Psychology comes out of a combination of Philosophy and Biology.
Ancient Nature-Nurture Debate
Socrates and Plato (469-399BC)— the great early philosophers believed the mind could be separated from the body. Knowledge is innate—born into us.
Aristotle (384-322 BC) believed that the soul was not separable from the body. Knowledge NOT innate, but learned.
Continued Nature-Nurture Debate
Descartes (1595-1650) - scientist and philosopher. Also believed that Knowledge is innate. Looked at how the mind and body communicated, studying nerves and body movements.
John Locke (1632-1704) – Believed the mind is blank slate. His work along with Francis Bacon led towards the principle of Empiricism.
The view that knowledge originates in experience and that science should, therefore, rely on observation and experimentation.
The beginning of modern science
systematic knowledge of the physical or material world gained through observation and experimentation.
Who is the Father of Psychology?
Wilhelm Wundt (1832-1920) — did the first true psychology experiment which attempted to measure the speed of thought.
A philosopher and physiologist
Worked in experimental and cognitive psychology.
Known for “objective introspection”
Sigmund Freud (1856-1939)
Father of Psychoanalysis
Science of the mental life.
Best known for such theories of the unconscious mind, repression, the interpretations of dreams and defense mechanisms.

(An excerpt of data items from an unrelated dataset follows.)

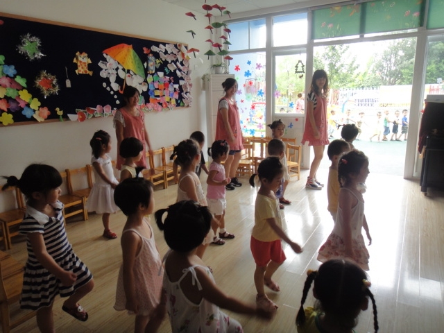 78,是在幼儿园实践的最后一天,活动内容与之前有所不同。实践的前期主要是帮助幼儿园制作教具,缺少与孩子的直接接触与沟通。今天幼儿园的老师为了加强队员们与孩子们的交流沟通,特地邀请队员们分组参与到各班的活动学习中,还留出三节课让我们队员组织孩子们玩游戏、教孩子们唱儿歌和诵读诗词等。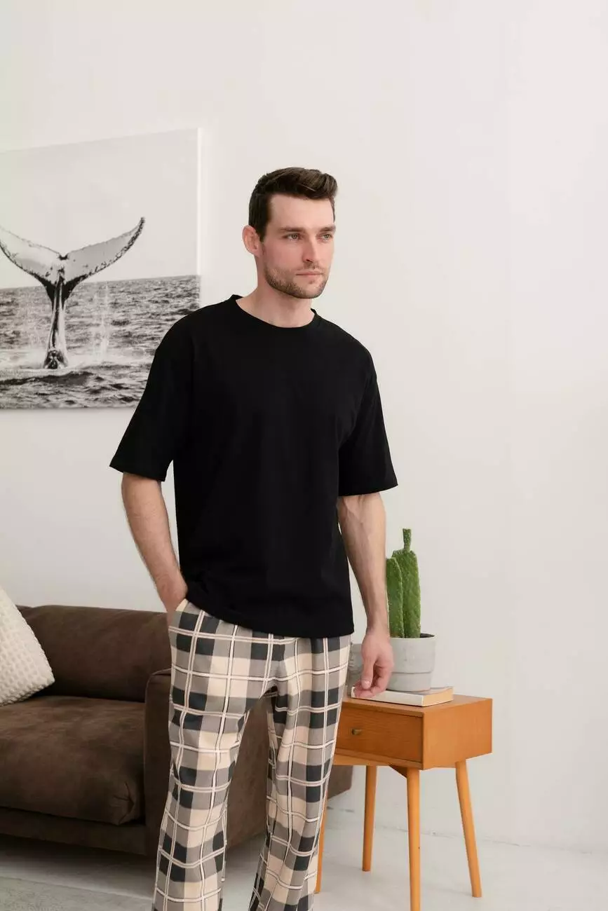 Футболка чорна, штани в клітку беж./темно-сірий.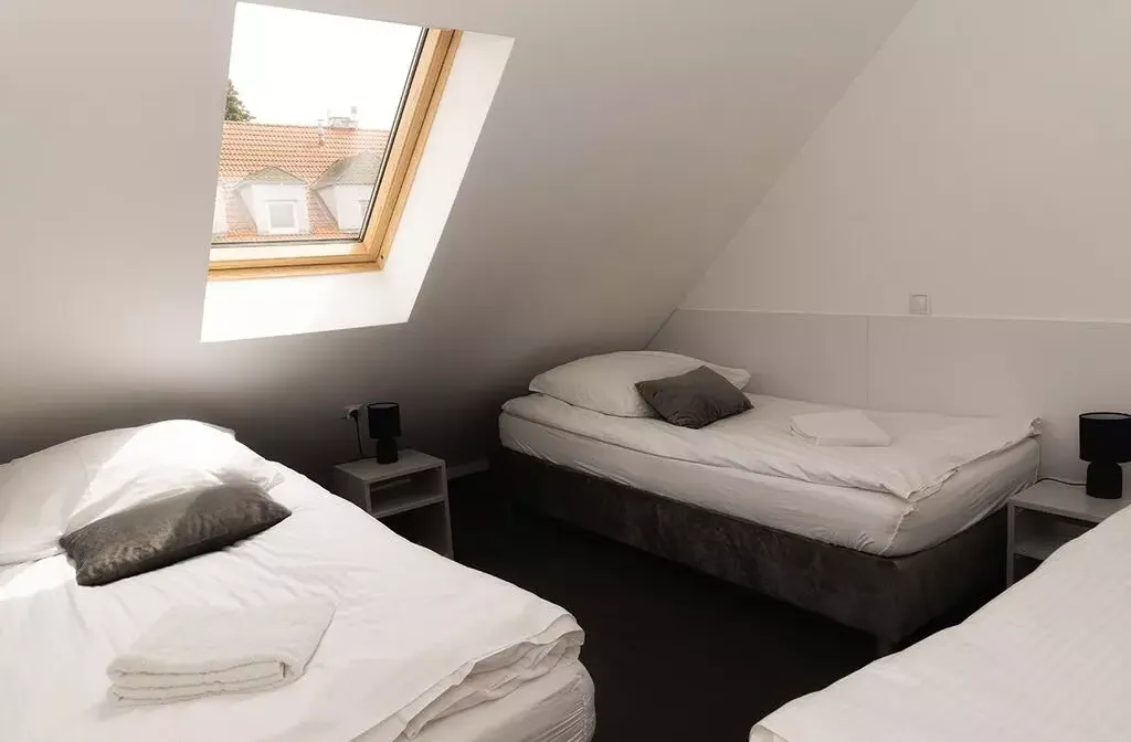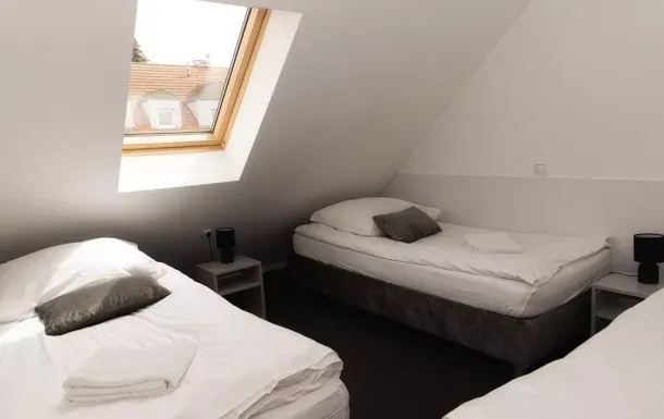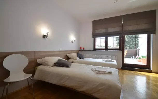 Pokój wyposażony w łóżko podwójne z możliwością dowolnej konfiguracji np dwa łóżka pojedyncze,(dostępny również dla jednej osoby) a także w TV i WIFI z dostępem do wyposażonej kuchni oraz pralki.

Psychology becomes fixed (fixated?) on understanding the inner mental processes and thinking.
The Pendulum swings
From 1920-1960, Psychology is redefined as “the scientific study of observable behavior”.
Since thinking, introspection and feelings can’t be observed, it is dismissed. Because science is rooted in observation, only BEHAVIOR can be studied and researched.
Fathers of Behaviorism
John B Watson
Theories of classical conditioning, operant conditioning, rewards and punishment.
Pendulum swings again
Humanistic Psychology takes hold around 1960 with the belief that people are more than just their behaviors. Thinking and feeling ARE important. Emphasizes human potential, needs for love and acceptance, and environmental influences on growth.
Psychology comes of age!
Family systems perspective
4 major theories in counseling
Cognitive behavioral theory
Family systems theory
The longstanding controversy over the relative contributions that genes and experience make to the development of psychological traits and behaviors.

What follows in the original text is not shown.